Mixed noodles with oily pork
By VicentaLakin
Recipe Recommendations
- flour appropriate amount
- mutton appropriate amount
- tomatoes appropriate amount
- onion appropriate amount
- green beans appropriate amount
- green pepper appropriate amount
- tomato sauce appropriate amount
- garlic appropriate amount
- dried red pepper appropriate amount
- red pepper appropriate amount
- peppercorns appropriate amount
- peppercorns appropriate amount
- starch appropriate amount
- soy sauce appropriate amount
- chicken essence appropriate amount
- salt appropriate amount
- vegetable oil appropriate amount
Steps for Mixed noodles with oily pork

1
Ingredients: flour, mutton, onions, green and red peppers, tomatoes, green beans, ketchup, salt, soy sauce, garlic starch, pepper grains, dry red pepper powder
2
Add a small spoonful of salt to the tea bowl, and then add cold boiled water to the bowl. Add salt to the noodles when making mixed noodles in Xinjiang because such noodles taste strong and delicious!

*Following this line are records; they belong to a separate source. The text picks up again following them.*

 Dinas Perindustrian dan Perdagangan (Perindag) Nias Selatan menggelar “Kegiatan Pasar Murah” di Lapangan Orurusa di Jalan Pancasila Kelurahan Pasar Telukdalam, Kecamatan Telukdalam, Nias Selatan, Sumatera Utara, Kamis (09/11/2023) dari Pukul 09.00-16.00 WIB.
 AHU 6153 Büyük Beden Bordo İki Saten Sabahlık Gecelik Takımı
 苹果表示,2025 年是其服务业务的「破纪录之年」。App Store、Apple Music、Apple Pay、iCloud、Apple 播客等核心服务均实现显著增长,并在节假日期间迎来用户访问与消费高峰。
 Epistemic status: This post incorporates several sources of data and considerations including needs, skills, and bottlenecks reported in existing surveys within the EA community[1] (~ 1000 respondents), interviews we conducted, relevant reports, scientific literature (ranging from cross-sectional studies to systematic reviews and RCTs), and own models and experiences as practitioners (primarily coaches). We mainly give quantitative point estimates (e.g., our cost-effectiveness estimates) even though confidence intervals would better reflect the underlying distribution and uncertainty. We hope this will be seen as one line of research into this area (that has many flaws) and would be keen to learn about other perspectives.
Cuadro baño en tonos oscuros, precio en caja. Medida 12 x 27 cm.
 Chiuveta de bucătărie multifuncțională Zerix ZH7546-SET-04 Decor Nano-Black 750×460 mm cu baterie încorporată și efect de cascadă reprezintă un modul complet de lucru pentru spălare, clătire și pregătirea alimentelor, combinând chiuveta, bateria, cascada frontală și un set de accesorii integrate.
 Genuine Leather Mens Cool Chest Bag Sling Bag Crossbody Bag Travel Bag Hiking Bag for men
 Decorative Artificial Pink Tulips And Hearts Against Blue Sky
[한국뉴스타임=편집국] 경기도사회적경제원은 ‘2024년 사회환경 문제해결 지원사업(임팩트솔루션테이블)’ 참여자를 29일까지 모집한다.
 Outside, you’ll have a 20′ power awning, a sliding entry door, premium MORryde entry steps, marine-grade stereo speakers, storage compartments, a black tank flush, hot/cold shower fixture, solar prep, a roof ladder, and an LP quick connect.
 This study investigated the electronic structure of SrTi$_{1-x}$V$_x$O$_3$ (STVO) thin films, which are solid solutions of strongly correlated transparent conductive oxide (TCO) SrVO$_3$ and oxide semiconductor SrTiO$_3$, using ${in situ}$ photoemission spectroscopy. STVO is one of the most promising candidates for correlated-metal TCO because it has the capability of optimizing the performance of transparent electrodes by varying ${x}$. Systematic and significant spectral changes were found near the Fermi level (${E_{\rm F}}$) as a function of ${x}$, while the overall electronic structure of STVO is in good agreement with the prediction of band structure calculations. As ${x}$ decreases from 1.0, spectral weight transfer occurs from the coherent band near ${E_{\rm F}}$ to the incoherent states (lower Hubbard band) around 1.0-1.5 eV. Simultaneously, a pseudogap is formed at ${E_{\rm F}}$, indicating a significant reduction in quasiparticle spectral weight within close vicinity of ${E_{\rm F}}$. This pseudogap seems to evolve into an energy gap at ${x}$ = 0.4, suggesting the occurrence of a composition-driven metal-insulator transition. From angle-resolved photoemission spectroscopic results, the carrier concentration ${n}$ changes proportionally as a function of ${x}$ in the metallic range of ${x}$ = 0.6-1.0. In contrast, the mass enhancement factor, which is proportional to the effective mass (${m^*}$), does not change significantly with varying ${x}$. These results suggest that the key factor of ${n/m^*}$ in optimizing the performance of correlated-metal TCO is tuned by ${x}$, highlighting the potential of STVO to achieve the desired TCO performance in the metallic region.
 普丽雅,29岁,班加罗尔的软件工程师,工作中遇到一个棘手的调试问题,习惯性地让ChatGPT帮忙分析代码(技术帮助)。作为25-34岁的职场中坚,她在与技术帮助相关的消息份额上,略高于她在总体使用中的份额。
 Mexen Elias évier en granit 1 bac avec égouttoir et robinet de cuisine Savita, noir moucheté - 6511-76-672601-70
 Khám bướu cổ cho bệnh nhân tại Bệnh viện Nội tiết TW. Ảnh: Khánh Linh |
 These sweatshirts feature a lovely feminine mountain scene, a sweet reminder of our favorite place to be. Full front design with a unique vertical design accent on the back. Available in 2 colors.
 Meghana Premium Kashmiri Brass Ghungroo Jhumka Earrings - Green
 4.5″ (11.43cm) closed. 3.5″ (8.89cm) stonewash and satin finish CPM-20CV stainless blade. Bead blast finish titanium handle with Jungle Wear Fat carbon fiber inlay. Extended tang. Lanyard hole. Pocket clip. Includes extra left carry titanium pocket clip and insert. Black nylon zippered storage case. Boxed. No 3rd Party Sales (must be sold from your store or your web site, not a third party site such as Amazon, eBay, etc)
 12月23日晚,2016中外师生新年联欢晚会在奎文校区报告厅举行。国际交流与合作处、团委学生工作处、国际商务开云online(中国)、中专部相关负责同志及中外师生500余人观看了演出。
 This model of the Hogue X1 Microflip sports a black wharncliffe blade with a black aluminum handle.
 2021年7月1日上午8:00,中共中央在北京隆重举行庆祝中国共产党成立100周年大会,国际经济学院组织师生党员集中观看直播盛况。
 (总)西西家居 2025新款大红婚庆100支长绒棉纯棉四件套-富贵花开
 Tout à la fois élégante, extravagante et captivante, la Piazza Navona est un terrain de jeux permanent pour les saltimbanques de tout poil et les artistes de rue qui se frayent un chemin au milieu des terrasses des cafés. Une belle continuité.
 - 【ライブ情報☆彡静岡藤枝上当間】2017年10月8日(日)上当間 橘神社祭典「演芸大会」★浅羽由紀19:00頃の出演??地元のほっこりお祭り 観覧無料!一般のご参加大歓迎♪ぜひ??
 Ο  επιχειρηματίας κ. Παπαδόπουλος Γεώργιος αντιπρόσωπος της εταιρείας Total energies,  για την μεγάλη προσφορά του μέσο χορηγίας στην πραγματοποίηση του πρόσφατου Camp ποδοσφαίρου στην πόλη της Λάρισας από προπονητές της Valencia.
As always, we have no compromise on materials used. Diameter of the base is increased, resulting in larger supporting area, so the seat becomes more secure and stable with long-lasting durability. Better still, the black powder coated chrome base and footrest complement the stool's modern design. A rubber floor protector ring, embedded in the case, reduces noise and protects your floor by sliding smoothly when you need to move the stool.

Add flour into the basin, gradually pour the salt water from the bowl into the basin and stir, start to mix the dough, take the dough out of the basin and knead it constantly on the chopping board. You can also stop for a few minutes and then knead until the surface is smooth.
3
Then cut the dough into long pieces, knead the long pieces into long strips, place them on a small plate, touch the surface with a layer of clear oil, cover with plastic wrap, and wake up for an hour.
4
Wash the tomatoes and cut them into small pieces, cut the onions into small pieces, cut the green and red peppers into pieces, cut the green beans into shreds, cut the garlic into pieces, and cut the mutton into slices
5
Stir the mutton slices with starch and soy sauce and stand for a while,
6
Pull the prepared dose into a long strip, which is as thin as the tip of chopsticks. Pour into a boiling pot of water,
7
Remove it after cooking, rinse it with cold boiling water, drain it with cold water and serve on a plate. You can also eat it directly without cold water to see if you prefer cold noodles or hot noodles.
8
Heat the oil in the pan to 70%, add green and red peppers to the oil, and quickly pick up
9
Leave the oil in the pan, pour in the mutton slices, stir fry, change color, and pick up
10
Leave the bottom oil in the pan (some people will add a little butter to enhance the flavor), add pepper and dry red peppers to fry until fragrant and remove (or not remove), add onion pieces and garlic minced green beans, stir fry in turn
11
Add red persimmon and stir-fry (the tomatoes should be half-rotten and half-rotten), add pepper powder to taste, then add the oiled mutton slices and green and red peppers, stir fry for a while, add salt and chicken essence, stir fry for a few times to mix the flavor well
12
Remove the pan and load the plate
13
When serving, pour the oily meat into the mixed noodles, stir and serve. Bright color, red oil in the soup mouth, and chewy noodlesMixed noodles with oily pork Make Tips
When mixing dough, you should use the right amount of salt. If there is less salt, it will easily break, but if there is too much salt, you cannot open it. The face should not be hard or too soft. After the dough is reconciled, touch the surface with clear oil, cover it with a damp cloth or cover, and leave it for at least half an hour, preferably 2-3 hours. Put whatever you like on the side dishes.